What Does the Minimum Wage Do?

What Does the Minimum Wage Do? PDF Author: Dale Belman
Publisher: W.E. Upjohn Institute
ISBN: 0880994568
Category : Political Science
Languages : en
Pages : 489

Get Book

Book Description
Belman and Wolfson perform a meta-analysis on scores of published studies on the effects of the minimum wage to determine its impacts on employment, wages, poverty, and more.

Men, Wage Work and Family

Men, Wage Work and Family PDF Author: Paula McDonald
Publisher: Routledge
ISBN: 1136293957
Category : Business & Economics
Languages : en
Pages : 186

Get Book

Book Description
In the last two decades there has been a plethora of research on a range of subjects collectively and rhetorically known as ‘work-life balance’. The bulk of this research, which spans disciplines including feminist sociology, industrial relations and management, has focused on the significant concerns of employed women and/or dual career couples. Less attention has been devoted to scholarship which explicitly examines men and masculinities in this context. Meanwhile, public and organizational discourse is largely espoused in gender neutral terms, often neglecting salient gendered issues which differentially impact the ability of women and men to successfully integrate their work and non-work lives.
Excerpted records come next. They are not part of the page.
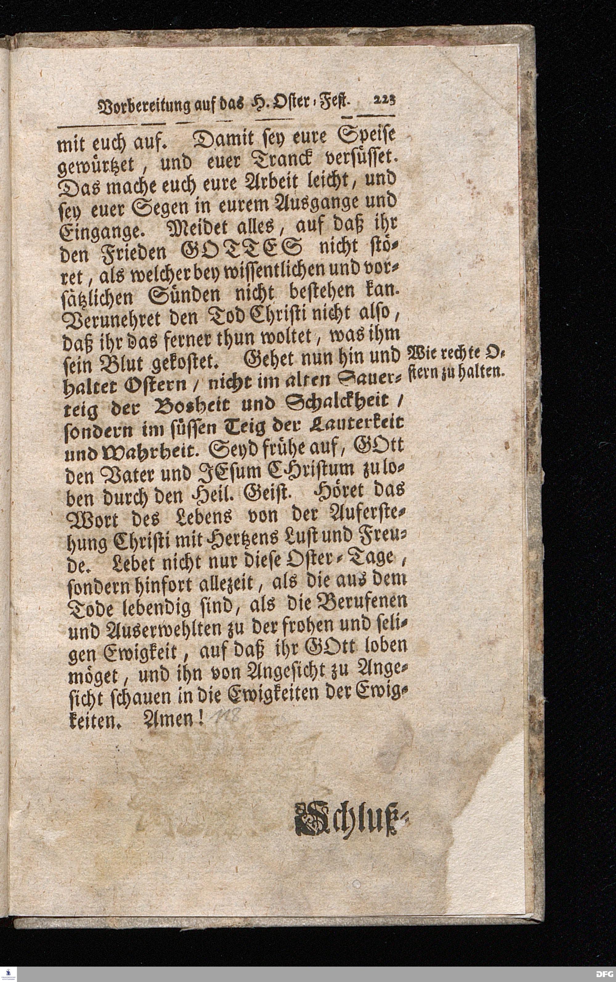 August Hermann Franckens / S.Theol.Prof.& Past.zu S.Ulrich und des Gymnasii Scholarchæ, Oeffentliche Reden über die Paßions=Historie / Wie dieselbe vom Evangelisten Johanne im 18.u.19. Cap. beschrieben ist / gehalten Von Esto mihi bis Ostern 1716. In dem Wäysenhause zu Glaucha an Halle. EDITIO II. HALLE / Gedruckt und verlegt im Wäysenhause MDCCXIX.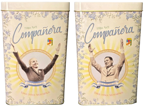 Reviví la mística del movimiento justicialista con la Yerba Mate Compañera Edición Limitada Eva Perón y Juan Domingo Perón. Una lata coleccionable con diseño único: al frente, la imagen inmortal de Evita, símbolo de lucha y esperanza, y al dorso Perón, líder de la justicia social argentina.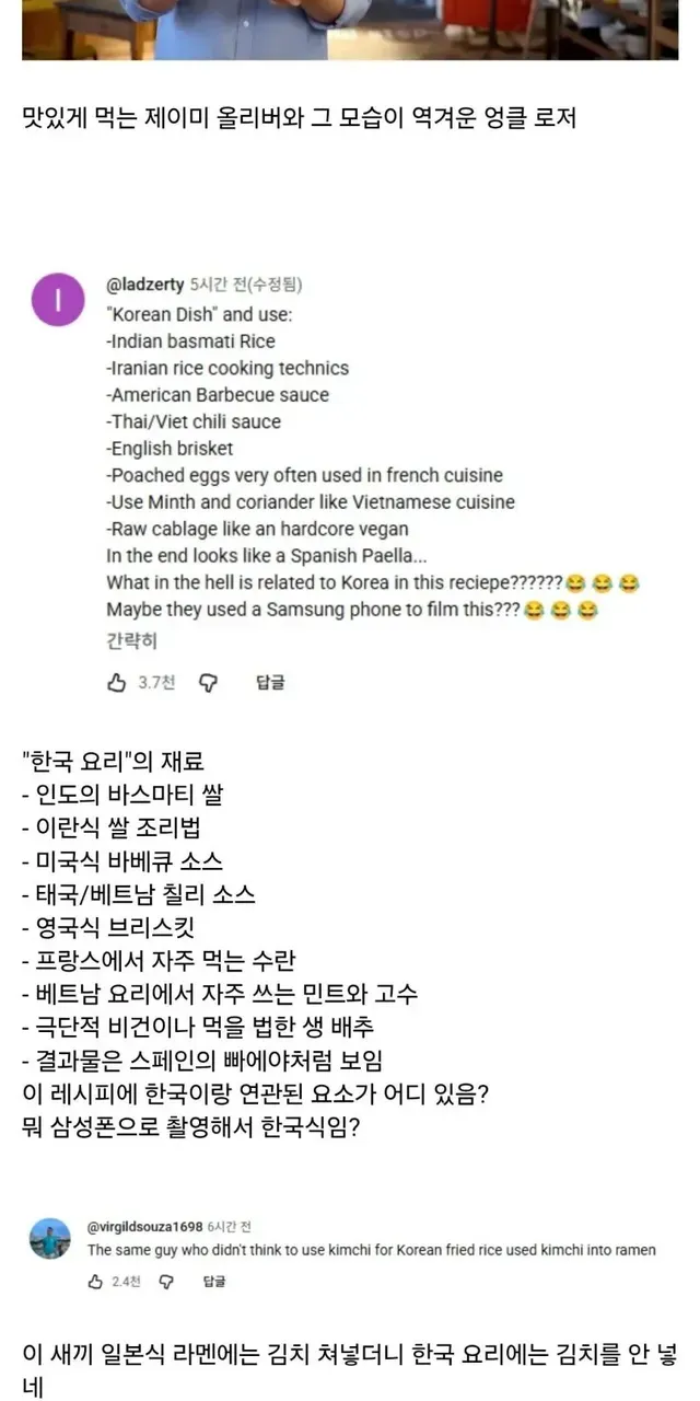 [스압] 한국식 볶음밥을 만들었다가 욕 쳐먹고 있는 제이미 올리버,,
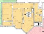 Квартира площадью 75,6 м2 расположена на 15-м этаже нового 16-этажного кирпичного дома от надежного застройщика «Стикон».
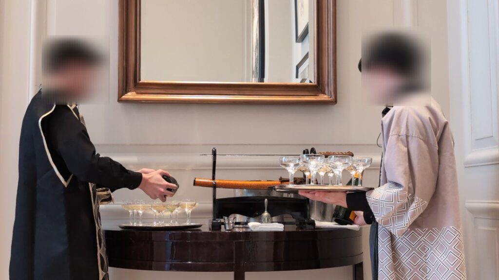 時間になるとスタッフの方が出てきて冒頭で触れたシャンパン・サーベラージュの歴史などについて軽く説明をしてくださいます。

This edited book brings together empirical studies of the work-life nexus with a specific focus on men’s working time arrangements, how men navigate and traverse paid work and family commitments, and the impact of public and organizational policies on men’s participation in work, leisure, and other life domains. The book is innovative in that it presents both macro (institutional, how policy affects practice) and micro (individual, from men’s own perspectives) level studies, allowing for a rich and contrasting exploration of how men’s participation in paid work and other domains is divided, conflicted, or integrated. The essays in this volume address issues of fundamental social, labor market, and economic change which have occurred over the last 20 years and which have profoundly affected the way work, care, leisure and community have evolved in different contexts. Taking an international focus, Men, Wage Work and Family contrasts various public and organizational policies and how these policies impact men’s opportunities and participation in paid work and non-work domains in industrialised countries in Europe, North America, and Australia.

Welfare, the Working Poor, and Labor

Welfare, the Working Poor, and Labor PDF Author: Louise Simmons
Publisher: M.E. Sharpe
ISBN: 9780765630926
Category : Business & Economics
Languages : en
Pages : 196

Get Book

Book Description
Since the enactment of the Personal Responsibility and Work Opportunity Reconciliation Act, it has become clear that the issues associated with welfare are now inextricably woven into the problems of low-wage work. In this volume leading commentators on the labor scene analyze poverty and welfare reform within a context of low-wage work and the contours of the labor market that welfare recipients are entering. Given the new welfare reform regime of time limits and work requirements, problems of welfare cannot be separated from problems of work, politics, organizing, and other questions of social and economic policy. Although there have been many volumes on welfare reform, the unique contribution of this work is that it brings labor into the discussion and creates a bridge between the domains of labor and welfare.